By Walt Zeglinski, President and CEO, MAP

Are you keeping your customers loyal? If you think the price of your products or services is the reason you are attracting or not attracting and maintaining customers, think again. Today's customers are savvy and want much more from their relationship with your company than just a low cost.

Customers are looking for relationships that deliver unique value. Yes, they want the products to solve their problems, but they also seek a level of satisfaction that goes beyond the intrinsic value of what they paid for. By learning to tap into this deeper emotional satisfaction, your business with current customers will increase and you will uncover a steady stream of new customers.

You may have asked your customers if they were satisfied with their purchase. But the true measure is whether your customers are coming back. In a customer poll, you may find that 8 out of 10 customers are satisfied. That sounds great. But only 4 or 5 purchase from you again. Why? Because rational satisfaction (they were not displeased, the product worked) is only part of the equation. Customers who purchase again are emotionally satisfied. Moreover, emotionally satisfied customers will also recommend your product or service to others.

Here's the bottom line on measuring loyalty: 1) How many of your customers intend to purchase again, and 2) how many of them would endorse your company to others.

Creating Exceptional Value

Exceptional value is created when your customer perceives your product or service to be worth more to them than the price they pay. I see two elements for creating exceptional value:

The first is how well you communicate the unique value of your products and services as compared to alternative solutions. This is important and is likely to result in a high rational satisfaction. However it takes emotional satisfaction to develop a loyal customer.

The second factor - building deeper, trust-based relationships - is the key to emotionally satisfied customers. This happens when your employees show your organization understands a customer's needs, delivers more than is expected, and helps them achieve their goals.

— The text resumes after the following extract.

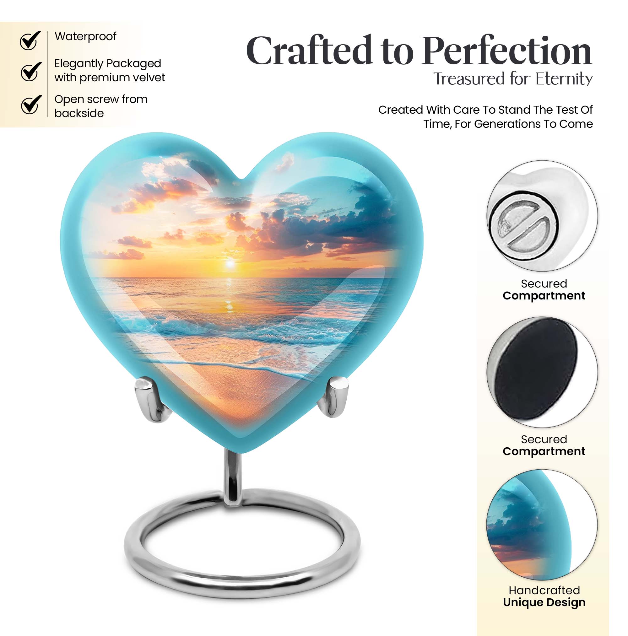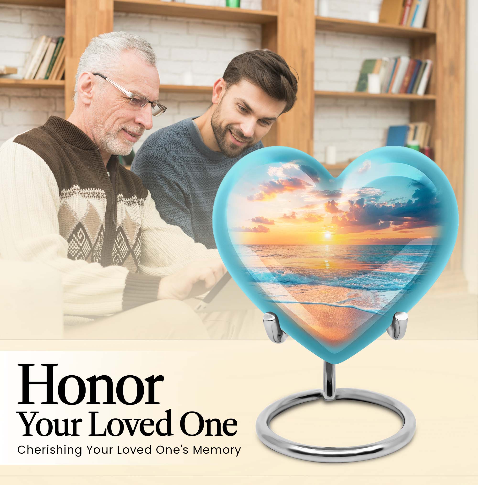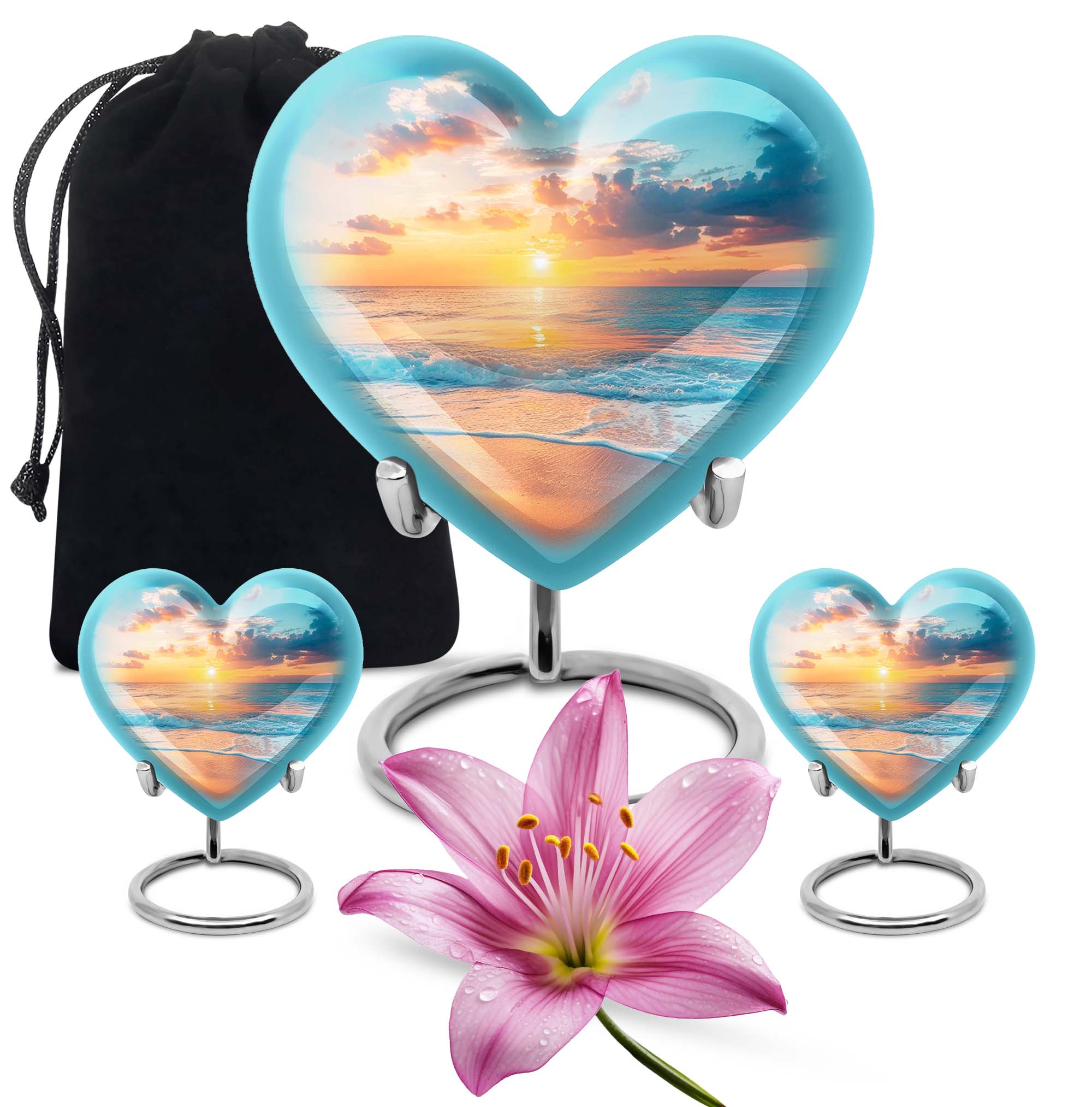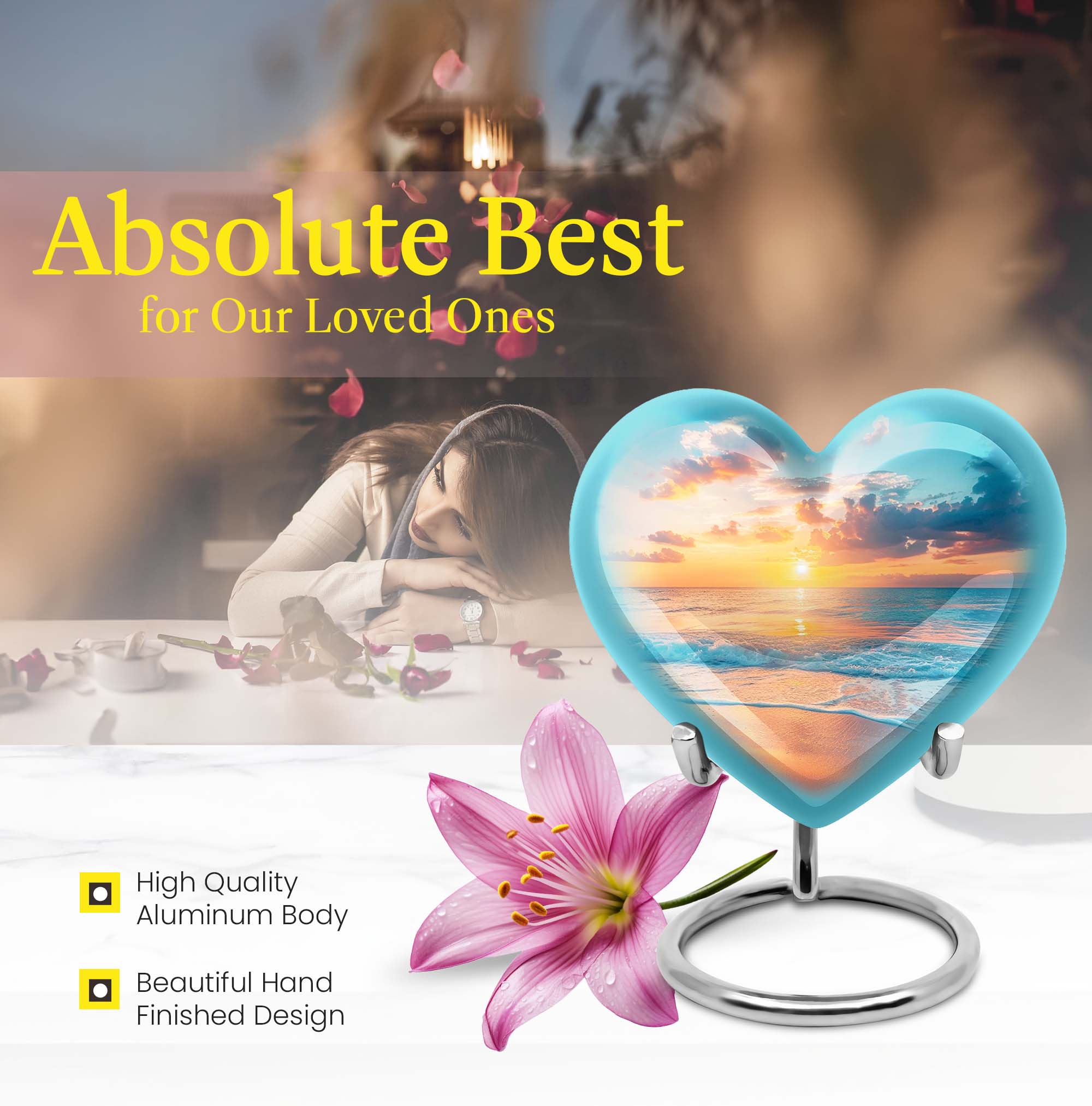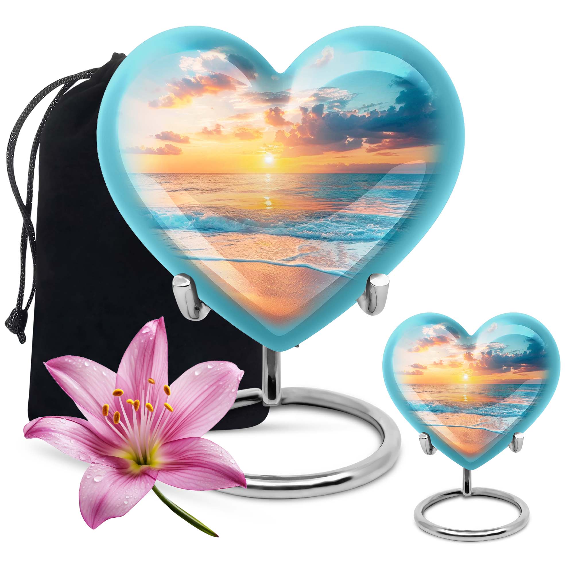 Cherish the memory of your loved ones with our unique 10 Inch Sunset Beach Urn, a standout choice in memorial urns, designed for adults and seniors. Crafted with passion and precision, this large urn sets a memorable tone with its wolf howling theme that mirrors the strength and resilience of the departed. Tailored intricately from durable aluminium, this funeral urn for ashes adult weighs a solid 3.3 pounds, standing 10 inches tall, which gives it a capacity to hold up to 200 cubic inches of ashes. Make it even more special by personalizing it with engraved names, adding a touch of familiarity and love to this solitary symbol of remembrance. For your convenience, our urn ash men is delivered with a velvet pouch, ensuring safe containment of the ashes. Explore the unfading charm of our Sunset Beach Urn, a perfect homage to the eternal journey of life.

Exceptional value stems from exceptional employees. Your people are the secret sauce in your ability to deliver on the value promise. You have to hire and retain the right people to make it work. These employees are those who do not need management mandates to engage customers and adhere to company values. They are your customer's problem solvers. They provide the discretionary effort and intellectual capital that can take your customers from satisfied to loyal. And, an increase of only 5 percent in customer loyalty can add from 25 to 100 percent to your bottom line!

Developing emotionally satisfied customers who enjoy extrinsic value (beyond functional benefits) is an achievable ideal. It is the connection you should seek to develop with your customers. You want to deliver more value than the functional benefits inherent in your product or service. You want your customers to experience the extrinsic value you bring to the relationship by being emotionally engaged throughout the buying process.

By optimizing the key performance drivers of value creation, you can tap the emotional bonds of your customer relationships. This takes the right people, the right process, the right leadership, and the right commitment. The investment you make in enabling your team to develop loyal customers will enrich your core business and enable you to gain market share.